**DATA RECORDS**:

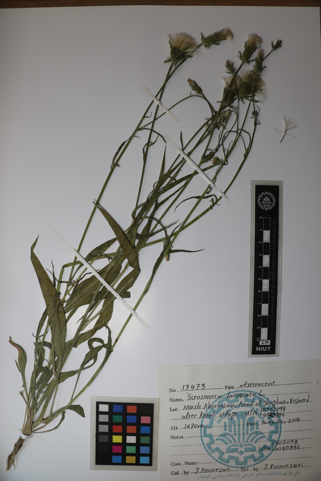 17473 Family : Asteraceae (Compositae) Herbarium Number : 17473 Species Name : Scrozonera laciniata L. herbarium date 3/25/2014 herbarium alternate 1670m herbarium col by J.Pourrezaei herbarium det by J.Pourrezaei herbarium country Iran herbarium province North Khorasan herbarium location Road of shoghan herbarium lat herbarium long herbarium annotations
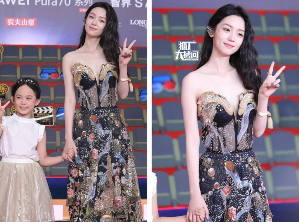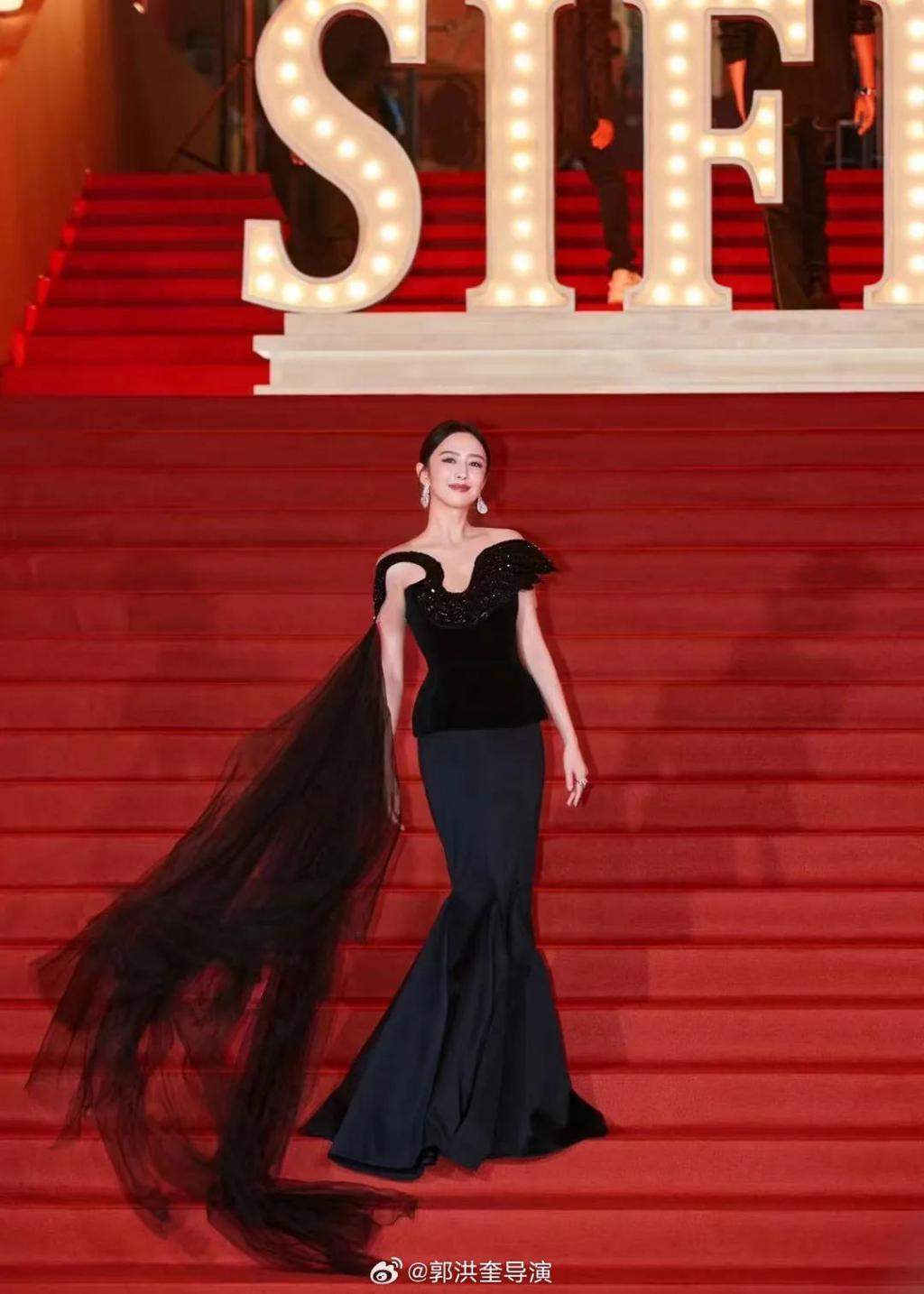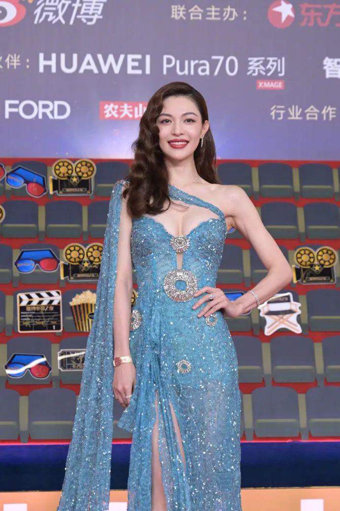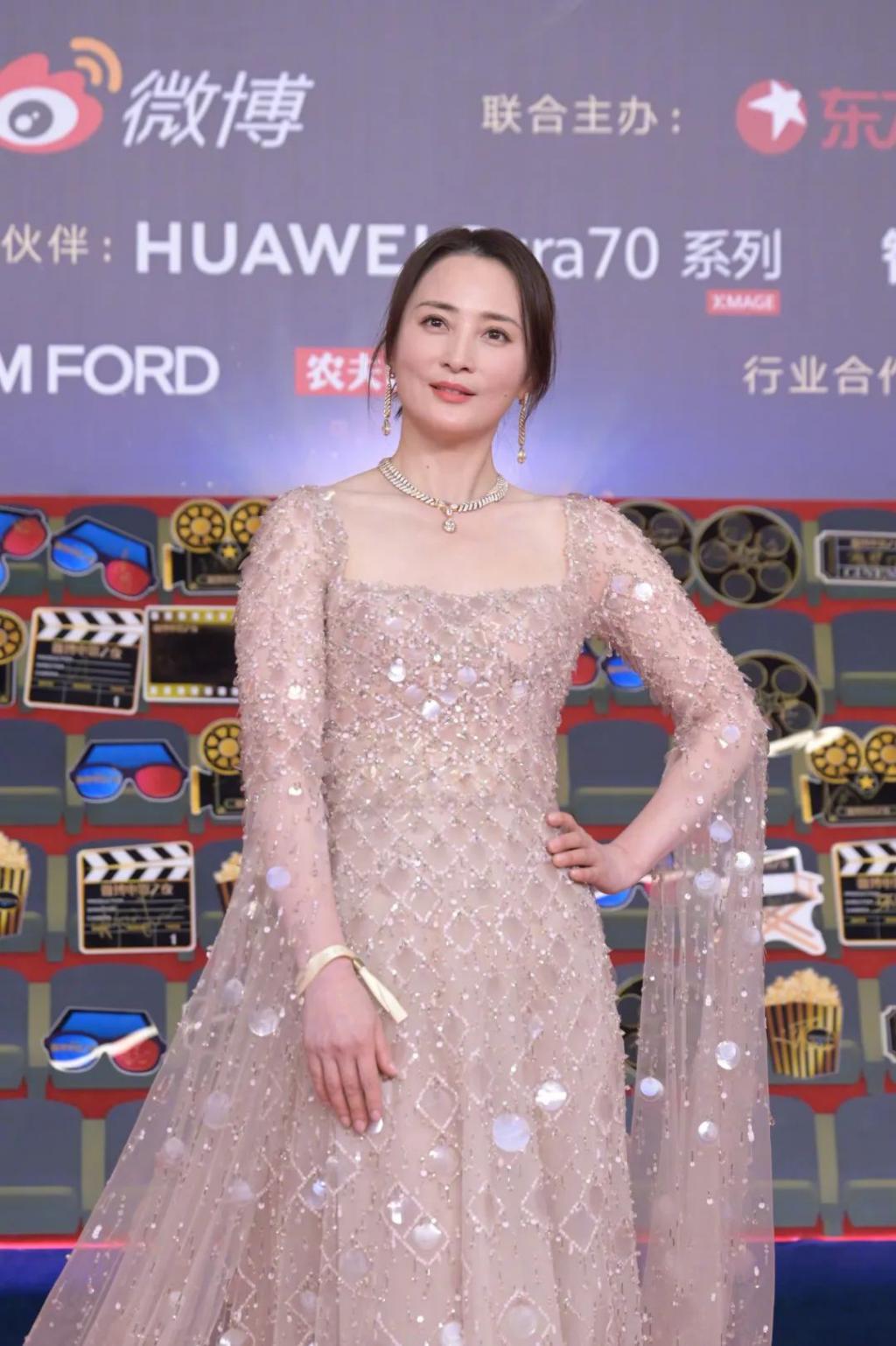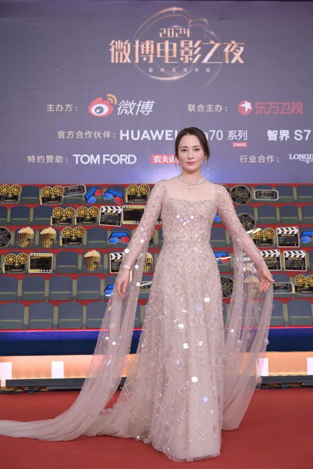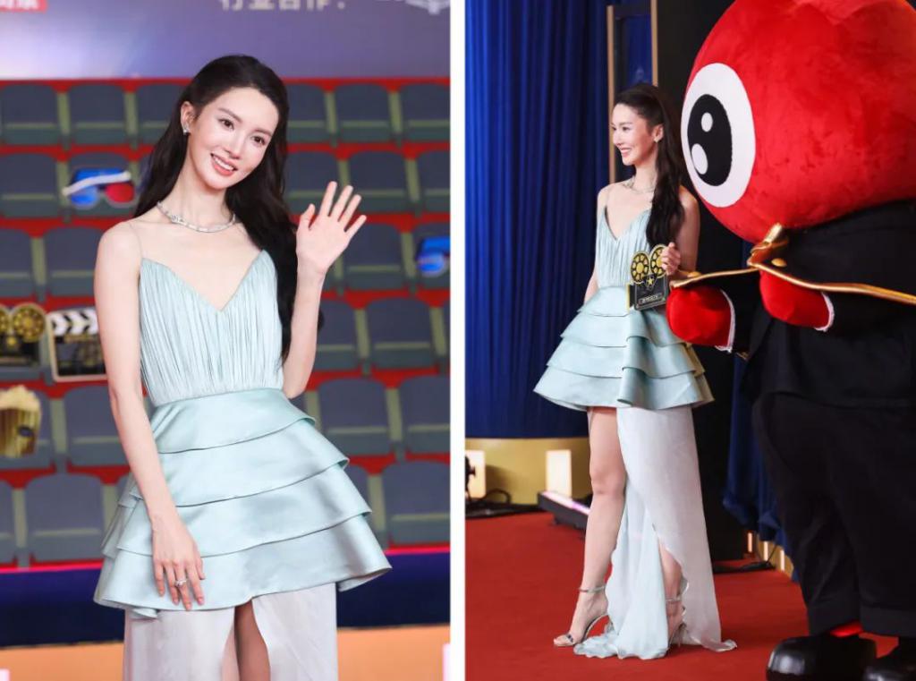 脱下上影红毯的高领后,她在微博电影之夜红毯选择了一身花苞鱼尾裙。
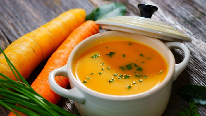 في قدر يقلى الزيت مع البصل والكرافس حتى يذبل البصل نضيف الجزر والبطاطس مع التوابل يقلى جيدا ثم نضيف المرق يفضل ان يكون ساخن عند الغليان نخفف النار ونتركها تطهى حتى تنضج الخضروات تم يطحن في لبلاندر مع اضافة الكريمة الطازجة حسب الرغبة يمكن الاسنغناء عن هذه الاضافة تم نضيف الكزبرة الطازجة
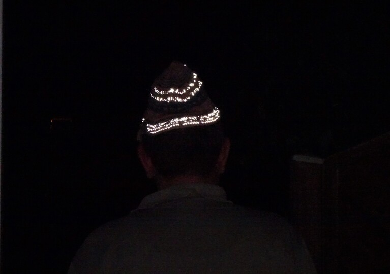 Das besondere an der Mütze ist, das ich einen Leuchtfaden von Prym streifenweise mitgestrickt habe und die Mütze somit leuchtet wenn sie im Dunkeln angestrahlt wird, sie ist also quasi eine Sicherheitsmütze. Sie ist für einen Kopfumfang von 52 cm ausgerechnet.
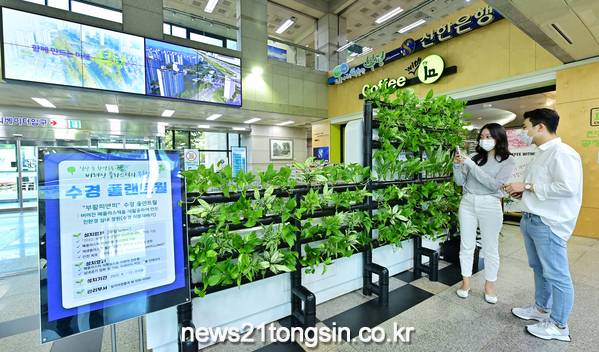 부평구청 1층이 초록 공간으로 변신했다. 4일 부평구(구청장 차준택)에 따르면 청사 1층에 폐플라스틱을 재활용해 만든 식물재배기 ‘수경 플랜트월’이 지난 23일 설치됐다.
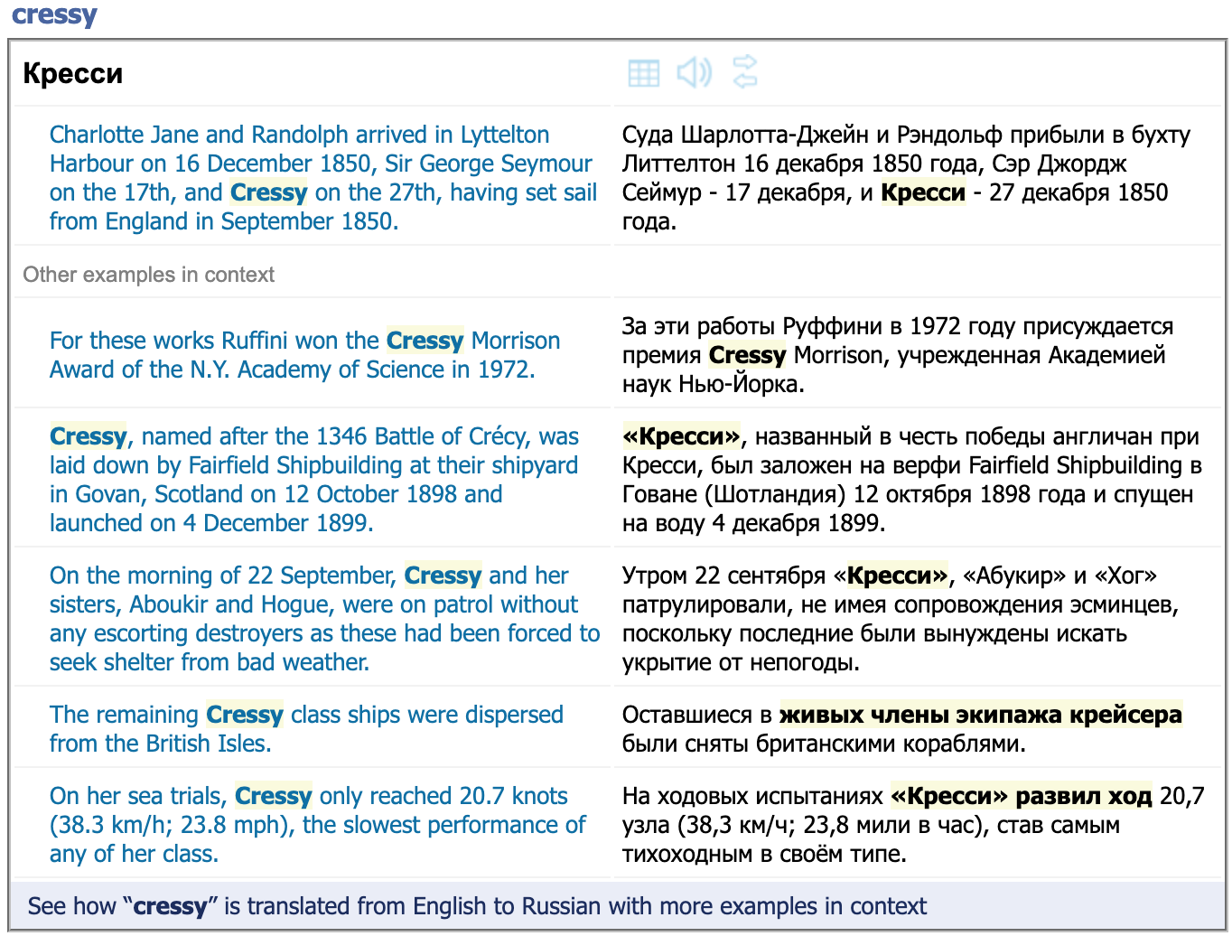 Там и перевод НИЧЕГО ОБЩЕГО с английским не имеет (какой в жопу экипаж? "Оставшиеся суда одного с Кресси типа разошлись с британских островов по миру"
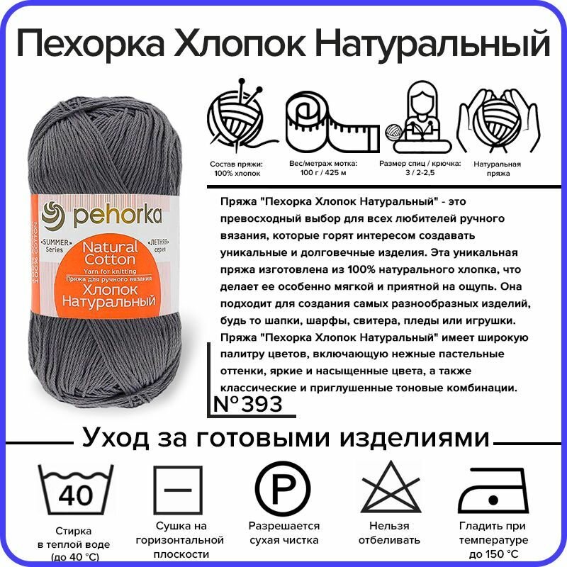 Пряжа Пехорка Хлопок Натуральный, 100 % хлопок, 100 г, 425 м, 02 (черный) 3 мотка
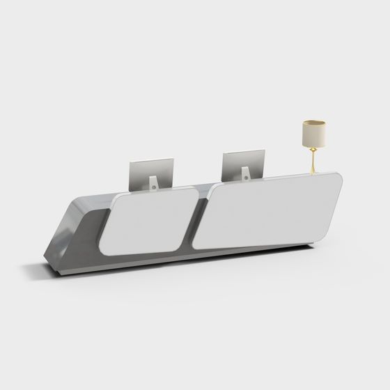The Futuristic Reception Desk 3D model presents a gray metallic frame with white panels, highlighted by embedded displays and a golden lamp. Featuring 1,200 optimized polygons, it suits interior design, gaming, and VR applications.
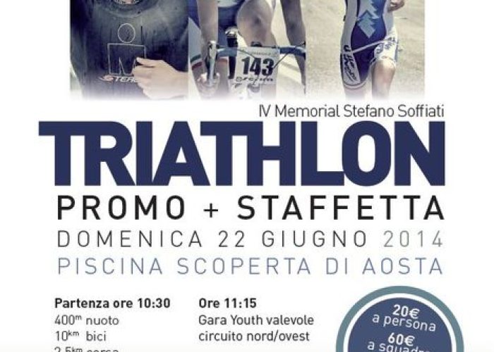 Per la prima volta la città di Aosta ospiterà una gara di triathlon. L’appuntamento è per domenica 22 giugno con la quarta edizione del Memorial Stefano Soffiati presso la piscina scoperta e l’area di Tzambarlet di Aosta. "Ho accolto con favore – spiega l’Assessore comunale allo Sport, Patrizia Carradore – l’iniziativa perché permette di mettere in evidenza la piscina olimpionica di Aosta e inoltre va nella direzione di creare un binomio fra sport e turismo".

**YOUR ASSIGNMENT**:
Transcribe the listing above verbatim. Omit the pictures.

**EXERCISE RESPONSE**:
 17473 Family : Asteraceae (Compositae) Herbarium Number : 17473 Species Name : Scrozonera laciniata L. herbarium date 3/25/2014 herbarium alternate 1670m herbarium col by J.Pourrezaei herbarium det by J.Pourrezaei herbarium country Iran herbarium province North Khorasan herbarium location Road of shoghan herbarium lat herbarium long herbarium annotations
 脱下上影红毯的高领后,她在微博电影之夜红毯选择了一身花苞鱼尾裙。
 في قدر يقلى الزيت مع البصل والكرافس حتى يذبل البصل نضيف الجزر والبطاطس مع التوابل يقلى جيدا ثم نضيف المرق يفضل ان يكون ساخن عند الغليان نخفف النار ونتركها تطهى حتى تنضج الخضروات تم يطحن في لبلاندر مع اضافة الكريمة الطازجة حسب الرغبة يمكن الاسنغناء عن هذه الاضافة تم نضيف الكزبرة الطازجة
 Das besondere an der Mütze ist, das ich einen Leuchtfaden von Prym streifenweise mitgestrickt habe und die Mütze somit leuchtet wenn sie im Dunkeln angestrahlt wird, sie ist also quasi eine Sicherheitsmütze. Sie ist für einen Kopfumfang von 52 cm ausgerechnet.
 부평구청 1층이 초록 공간으로 변신했다. 4일 부평구(구청장 차준택)에 따르면 청사 1층에 폐플라스틱을 재활용해 만든 식물재배기 ‘수경 플랜트월’이 지난 23일 설치됐다.
 Там и перевод НИЧЕГО ОБЩЕГО с английским не имеет (какой в жопу экипаж? "Оставшиеся суда одного с Кресси типа разошлись с британских островов по миру"
 Пряжа Пехорка Хлопок Натуральный, 100 % хлопок, 100 г, 425 м, 02 (черный) 3 мотка
The Futuristic Reception Desk 3D model presents a gray metallic frame with white panels, highlighted by embedded displays and a golden lamp. Featuring 1,200 optimized polygons, it suits interior design, gaming, and VR applications.
 Per la prima volta la città di Aosta ospiterà una gara di triathlon. L’appuntamento è per domenica 22 giugno con la quarta edizione del Memorial Stefano Soffiati presso la piscina scoperta e l’area di Tzambarlet di Aosta. "Ho accolto con favore – spiega l’Assessore comunale allo Sport, Patrizia Carradore – l’iniziativa perché permette di mettere in evidenza la piscina olimpionica di Aosta e inoltre va nella direzione di creare un binomio fra sport e turismo".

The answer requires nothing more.